- [WORK ITEM]:
Taking the entries below, transcribe only the lines starting with the one with "The Torro team" and going on through the one with "研究通過將電解質(zhì)溶", exactly as written, without the pictures.

- [SUPPLIED MATERIAL]:
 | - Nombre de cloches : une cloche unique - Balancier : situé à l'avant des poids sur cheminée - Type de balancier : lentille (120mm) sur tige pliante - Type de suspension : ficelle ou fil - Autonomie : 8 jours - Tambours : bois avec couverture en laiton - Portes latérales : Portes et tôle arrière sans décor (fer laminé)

...

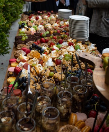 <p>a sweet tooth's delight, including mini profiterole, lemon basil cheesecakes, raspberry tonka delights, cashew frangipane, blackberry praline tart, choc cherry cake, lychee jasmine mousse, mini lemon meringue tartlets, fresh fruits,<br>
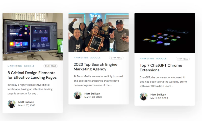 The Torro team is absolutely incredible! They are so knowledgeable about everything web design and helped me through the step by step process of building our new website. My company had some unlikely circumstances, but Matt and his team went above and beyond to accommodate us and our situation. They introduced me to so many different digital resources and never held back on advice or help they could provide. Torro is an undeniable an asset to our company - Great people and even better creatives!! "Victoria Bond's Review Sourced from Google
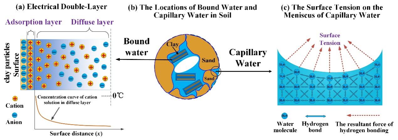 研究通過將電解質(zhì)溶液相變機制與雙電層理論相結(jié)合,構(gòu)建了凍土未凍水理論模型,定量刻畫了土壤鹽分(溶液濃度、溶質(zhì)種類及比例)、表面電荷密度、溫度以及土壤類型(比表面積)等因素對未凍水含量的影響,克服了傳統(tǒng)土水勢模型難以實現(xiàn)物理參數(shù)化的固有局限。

- [ANSWER BOX]:
 The Torro team is absolutely incredible! They are so knowledgeable about everything web design and helped me through the step by step process of building our new website. My company had some unlikely circumstances, but Matt and his team went above and beyond to accommodate us and our situation. They introduced me to so many different digital resources and never held back on advice or help they could provide. Torro is an undeniable an asset to our company - Great people and even better creatives!! "Victoria Bond's Review Sourced from Google
 研究通過將電解質(zhì)溶液相變機制與雙電層理論相結(jié)合,構(gòu)建了凍土未凍水理論模型,定量刻畫了土壤鹽分(溶液濃度、溶質(zhì)種類及比例)、表面電荷密度、溫度以及土壤類型(比表面積)等因素對未凍水含量的影響,克服了傳統(tǒng)土水勢模型難以實現(xiàn)物理參數(shù)化的固有局限。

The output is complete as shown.